LY294002, as an Akt activation inhibitor, is confirmed with the anti-tumor effect and promoted the apoptosis of gastric cancer in vitro and in vivo [25]. Rapamycin known as an mTOR activation inhibitor is clinically used for its anti-tumor effect and immunomodulation [26]. The results of our study further verified that LY294002 and Rapamycin could efficiently inhibit the growth of SGC-7901 cells. Besides, LY294002 at 50 μM) and Rapamycin at 100 nM had the most effective inhibition rate of (52.53 ± 3.19) % and (48.72 ± 3.06) % at 24 h. When prolonging to 72 h, the inhibition rates were (68.76 ± 1.00) % and (68.50 ± 3.77) % respectively. Then, we observed the influence of phosphorylation inhibition of Akt and mTOR on lymphatic factors, VEGF-C and VEGF-D. High concentration of LY294002 (50 μM) and Rapamycin (100 nM) were used for the intervention study. According to the results, Rapamycin suppressed the expression of p-mTOR and LY294002 efficiently inhibited the expression of p-Akt as well as p-mTOR. It is noted that both inhibitors could efficiently inhibit the expression of VEGF-C/-D. Besides, the down-regulation of p-Akt/p-mTOR showed a high consistency with that of VEGF-C/-D. Therefore, Akt/mTOR pathway was proposed to be closely related to VEGF-C/-D. The similar results were also previously reported in other tumor models.
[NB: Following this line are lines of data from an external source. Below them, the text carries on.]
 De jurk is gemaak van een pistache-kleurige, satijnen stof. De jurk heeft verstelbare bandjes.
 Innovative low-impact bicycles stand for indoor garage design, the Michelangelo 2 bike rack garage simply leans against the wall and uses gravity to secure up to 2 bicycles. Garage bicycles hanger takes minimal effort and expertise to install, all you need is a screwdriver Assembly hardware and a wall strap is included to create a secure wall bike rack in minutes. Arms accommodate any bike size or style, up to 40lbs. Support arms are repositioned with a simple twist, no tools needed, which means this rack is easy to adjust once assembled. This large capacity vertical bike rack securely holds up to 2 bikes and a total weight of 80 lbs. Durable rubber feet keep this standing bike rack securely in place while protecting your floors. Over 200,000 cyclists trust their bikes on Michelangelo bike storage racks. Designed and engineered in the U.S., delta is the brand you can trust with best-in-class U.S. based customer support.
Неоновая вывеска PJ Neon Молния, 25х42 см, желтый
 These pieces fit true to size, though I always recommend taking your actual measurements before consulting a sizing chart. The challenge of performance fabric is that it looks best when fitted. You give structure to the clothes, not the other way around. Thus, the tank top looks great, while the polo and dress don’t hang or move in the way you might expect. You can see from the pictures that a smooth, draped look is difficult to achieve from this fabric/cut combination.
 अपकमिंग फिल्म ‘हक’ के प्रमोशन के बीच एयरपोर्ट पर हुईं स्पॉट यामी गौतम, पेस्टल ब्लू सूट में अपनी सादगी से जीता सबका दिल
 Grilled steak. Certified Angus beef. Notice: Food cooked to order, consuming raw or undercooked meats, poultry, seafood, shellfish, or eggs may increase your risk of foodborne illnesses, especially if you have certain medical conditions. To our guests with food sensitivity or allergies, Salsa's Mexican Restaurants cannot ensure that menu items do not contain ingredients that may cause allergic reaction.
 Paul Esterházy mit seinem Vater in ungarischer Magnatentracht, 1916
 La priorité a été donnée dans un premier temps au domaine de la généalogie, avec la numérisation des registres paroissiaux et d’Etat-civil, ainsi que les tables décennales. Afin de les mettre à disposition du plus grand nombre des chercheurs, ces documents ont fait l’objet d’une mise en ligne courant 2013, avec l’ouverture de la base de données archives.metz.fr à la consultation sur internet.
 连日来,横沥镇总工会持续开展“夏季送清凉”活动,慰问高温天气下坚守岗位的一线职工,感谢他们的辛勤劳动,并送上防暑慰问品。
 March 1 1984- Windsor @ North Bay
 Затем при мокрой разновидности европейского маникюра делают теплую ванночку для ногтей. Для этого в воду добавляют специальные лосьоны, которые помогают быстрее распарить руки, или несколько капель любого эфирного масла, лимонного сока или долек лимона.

For example, Zhang et al. decreased the insulin receptor by short hairpin RNA in cancer cell lines, LCC6 and T47D. The cell proliferation, angiogenesis, lymphangiogenesis and metastasis were also inhibited due to the down-regulation of p-Akt and inactivation of VEGF-D [27]. Besides, mTOR inhibition could suppress the expression of VEGF-C and effectively reduce lymphangiogenesis in pancreatic cancer mouse model [11]. In another study, VEGF-D was degraded by Honokiol to inhibit lymphangiogenesis of lung cancer xenograft [28]. IL-6 could also regulate VEGF-C at mRNA level through Akt/mTOR signaling pathway, which effectively decreased the lymphangiogenesis and metastasis in oral squamous cell carcinoma [29].